**What is required:**
Within the records that follow, restate exactly the lines from the line with "При этом Емельянычев" down to the line with "Термос 0.5л серии", including both. Omit the pictures.

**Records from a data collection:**

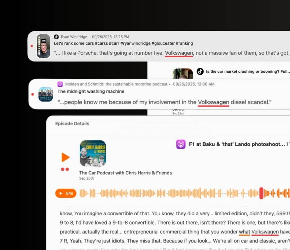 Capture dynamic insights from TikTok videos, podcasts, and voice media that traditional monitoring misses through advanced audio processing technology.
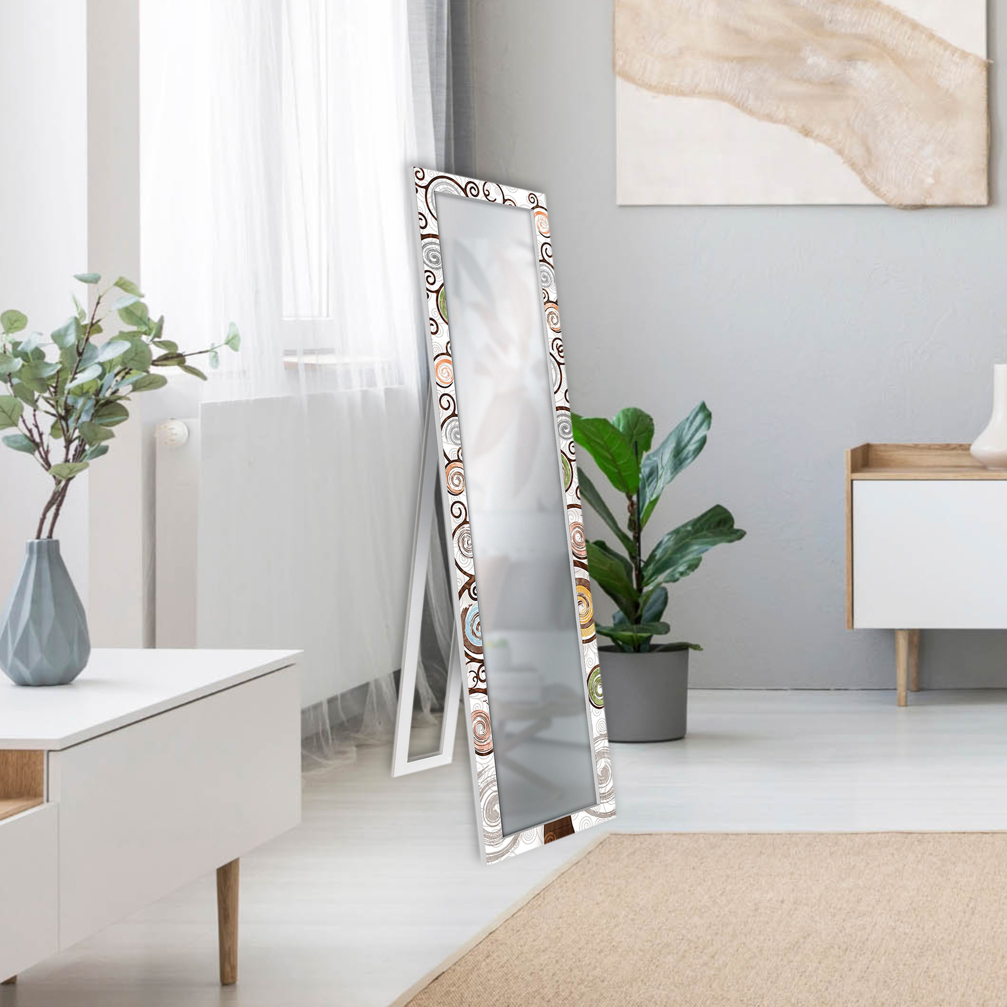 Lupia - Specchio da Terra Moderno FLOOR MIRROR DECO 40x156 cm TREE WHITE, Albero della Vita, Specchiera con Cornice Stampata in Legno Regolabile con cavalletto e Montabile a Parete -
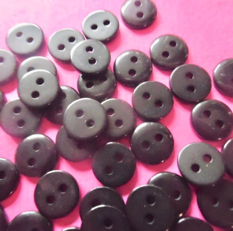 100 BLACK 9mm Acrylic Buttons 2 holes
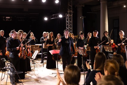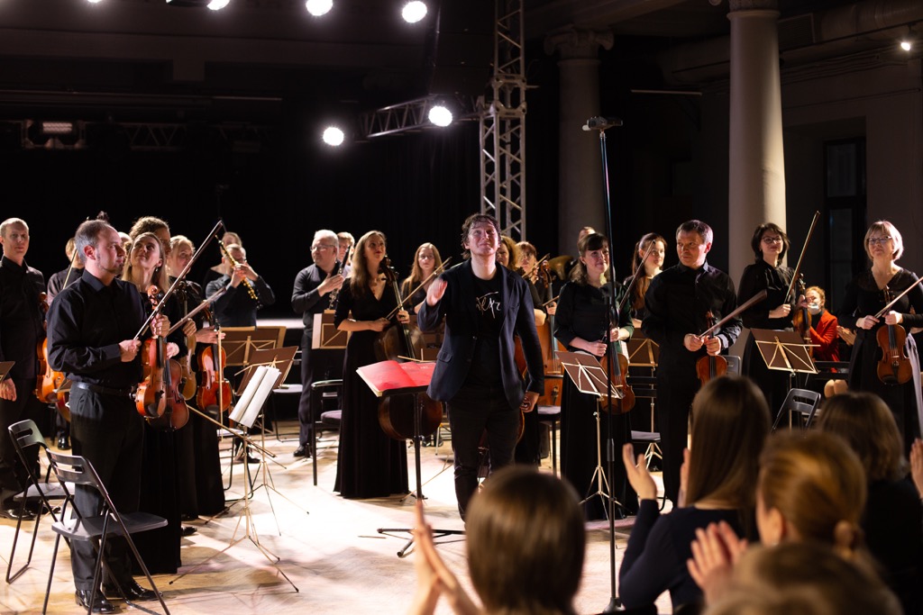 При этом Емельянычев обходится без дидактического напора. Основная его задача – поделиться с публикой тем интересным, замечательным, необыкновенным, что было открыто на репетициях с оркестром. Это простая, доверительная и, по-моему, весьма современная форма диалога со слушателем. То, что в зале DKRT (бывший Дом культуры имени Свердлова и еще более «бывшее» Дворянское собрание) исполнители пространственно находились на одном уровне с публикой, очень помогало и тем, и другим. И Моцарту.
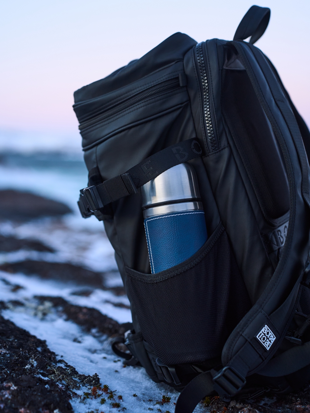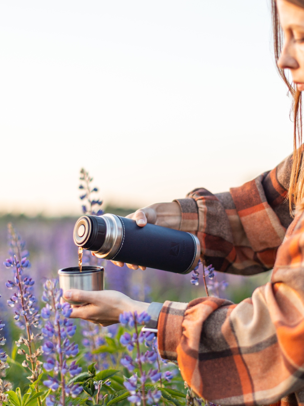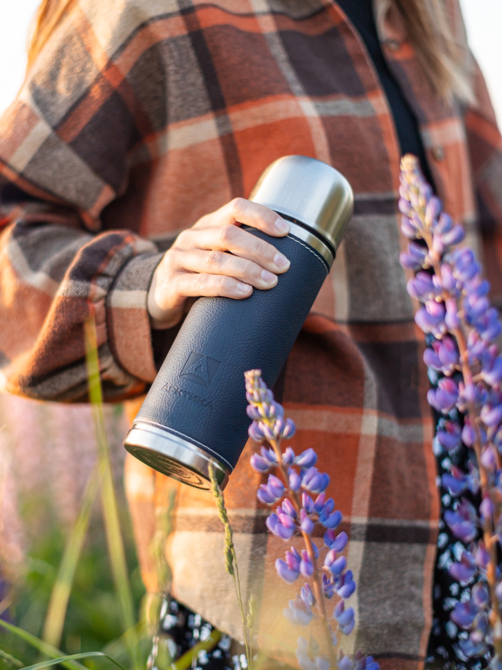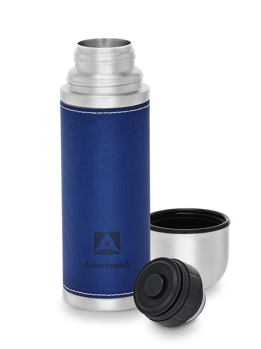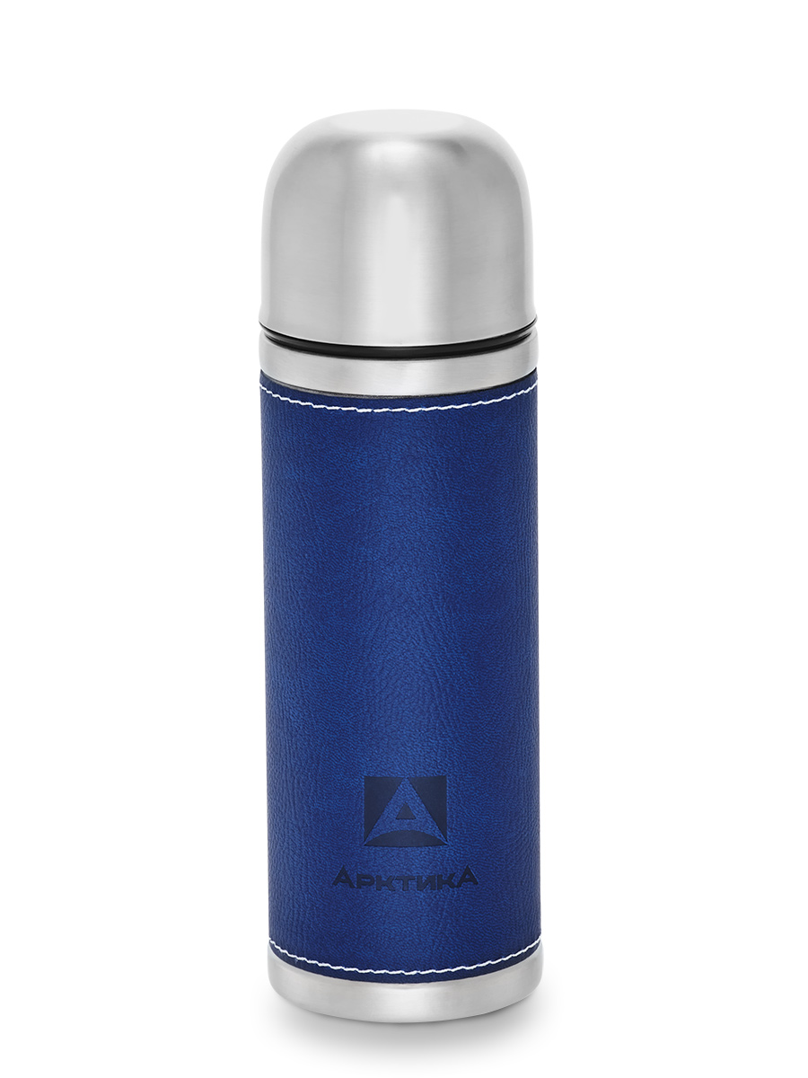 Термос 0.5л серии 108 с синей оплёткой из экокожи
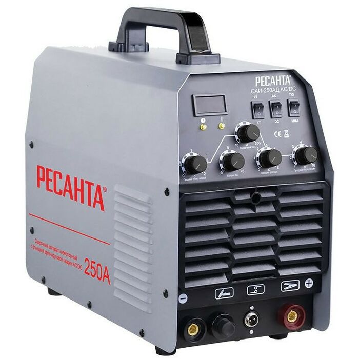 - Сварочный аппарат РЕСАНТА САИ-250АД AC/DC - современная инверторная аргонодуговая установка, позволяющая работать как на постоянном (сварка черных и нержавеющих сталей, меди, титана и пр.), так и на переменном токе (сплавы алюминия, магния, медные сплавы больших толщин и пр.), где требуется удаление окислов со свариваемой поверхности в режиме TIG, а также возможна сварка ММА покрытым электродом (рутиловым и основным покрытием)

**Task result:**
 При этом Емельянычев обходится без дидактического напора. Основная его задача – поделиться с публикой тем интересным, замечательным, необыкновенным, что было открыто на репетициях с оркестром. Это простая, доверительная и, по-моему, весьма современная форма диалога со слушателем. То, что в зале DKRT (бывший Дом культуры имени Свердлова и еще более «бывшее» Дворянское собрание) исполнители пространственно находились на одном уровне с публикой, очень помогало и тем, и другим. И Моцарту.
 Термос 0.5л серии 108 с синей оплёткой из экокожи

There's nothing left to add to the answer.